◆ Activity ◆
Return the whole listing, line for line, without the pictures in it.

◆ Exercise data ◆

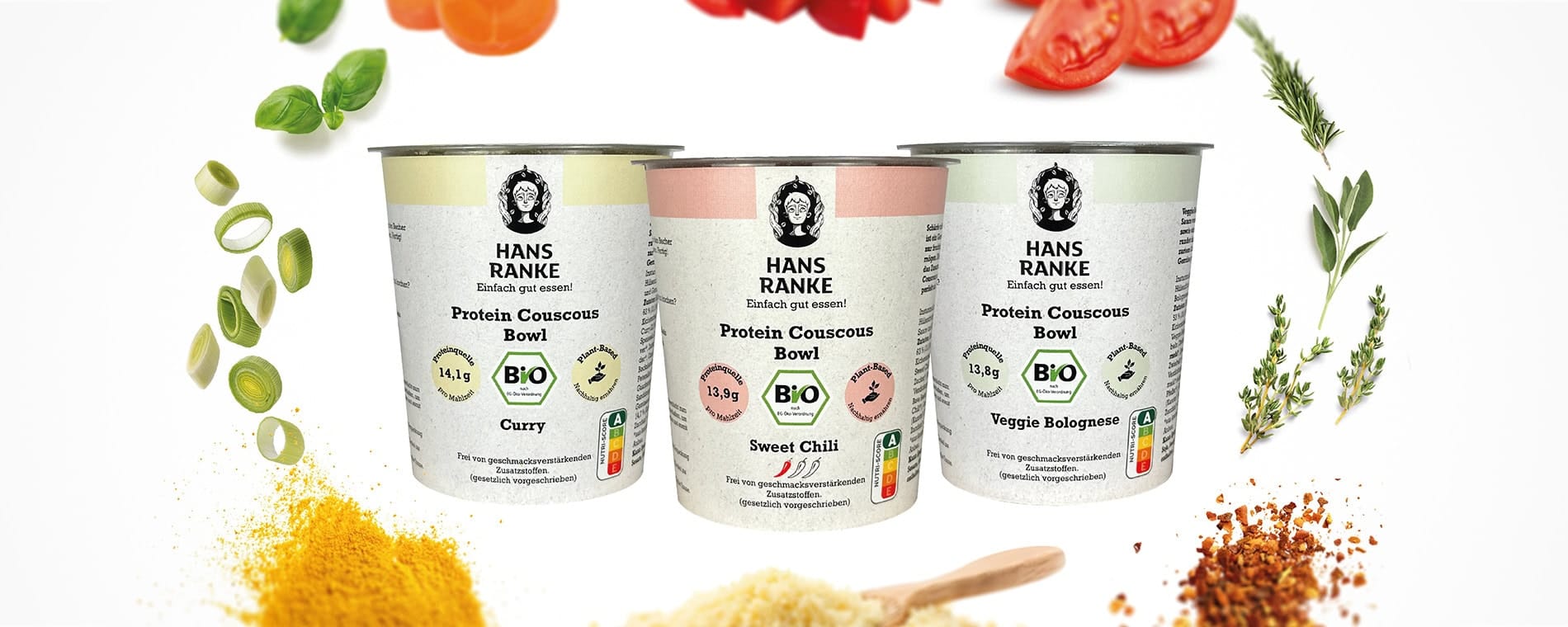 Die Protein-Couscous-Bowls von Hans Ranke zeichnen sich durch ihre natürlichen Zutaten und den Verzicht auf künstliche Zusätze aus. Mit nur 295 kcal pro Portion sorgen sie für ein langanhaltendes Sättigungsgefühl von bis zu vier Stunden, ohne ein Völlegefühl zu hinterlassen. Erhältlich in den Geschmacksrichtungen Curry, Sweet Chili und Veggie Bolognese, bieten sie für jeden Geschmack das Richtige.
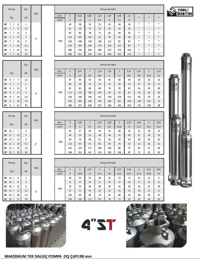 Öz Şafak ST 16/15 5.5 Hp 380V 4'' Dalgıç Pompa (Motor + Pompa)
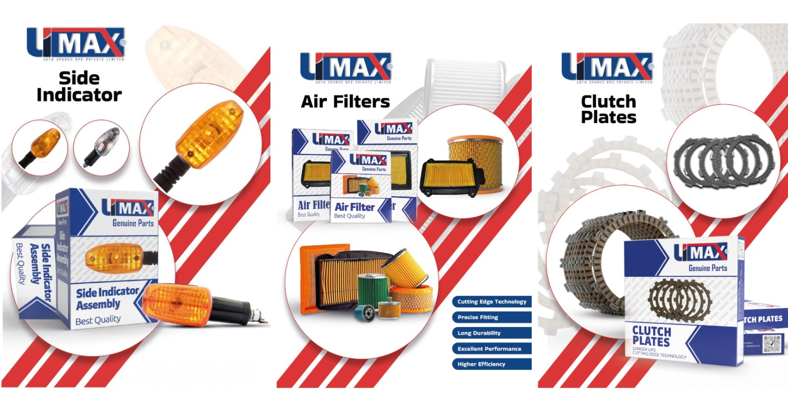 Umax Auto Spares offers a diverse range of products, including indicators, clutch plates, brake shoes, engine oil, air filters, LED lights, and more. Their strong market presence extends across Europe, the UK, the US, and the ASEAN region. Strategic partnerships with leading delivery services like Amazon, DTDC, Ecom Express, and Blue Dart guarantee efficient product distribution.
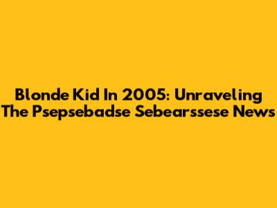 Blonde Kid In 2005: Unraveling The Psepsebadse Sebearssese News
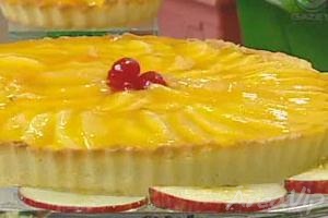 – Em um recipiente misture a farinha, açúcar, manteiga e a gema (se necessário, adicione o leite para dar ponto na massa). Distribua sobre a assadeira redonda n° 24. Leve ao forno pré aquecido 150°C até dourar. A seguir, espalhe o recheio sobre a torta. Distribua fatias de maçãs previamente aferventadas e a cobertura. Decore com cerejas a gosto. Leve para a geladeira.

◆ Response for this exercise ◆
 Die Protein-Couscous-Bowls von Hans Ranke zeichnen sich durch ihre natürlichen Zutaten und den Verzicht auf künstliche Zusätze aus. Mit nur 295 kcal pro Portion sorgen sie für ein langanhaltendes Sättigungsgefühl von bis zu vier Stunden, ohne ein Völlegefühl zu hinterlassen. Erhältlich in den Geschmacksrichtungen Curry, Sweet Chili und Veggie Bolognese, bieten sie für jeden Geschmack das Richtige.
 Öz Şafak ST 16/15 5.5 Hp 380V 4'' Dalgıç Pompa (Motor + Pompa)
 Umax Auto Spares offers a diverse range of products, including indicators, clutch plates, brake shoes, engine oil, air filters, LED lights, and more. Their strong market presence extends across Europe, the UK, the US, and the ASEAN region. Strategic partnerships with leading delivery services like Amazon, DTDC, Ecom Express, and Blue Dart guarantee efficient product distribution.
 Blonde Kid In 2005: Unraveling The Psepsebadse Sebearssese News
 – Em um recipiente misture a farinha, açúcar, manteiga e a gema (se necessário, adicione o leite para dar ponto na massa). Distribua sobre a assadeira redonda n° 24. Leve ao forno pré aquecido 150°C até dourar. A seguir, espalhe o recheio sobre a torta. Distribua fatias de maçãs previamente aferventadas e a cobertura. Decore com cerejas a gosto. Leve para a geladeira.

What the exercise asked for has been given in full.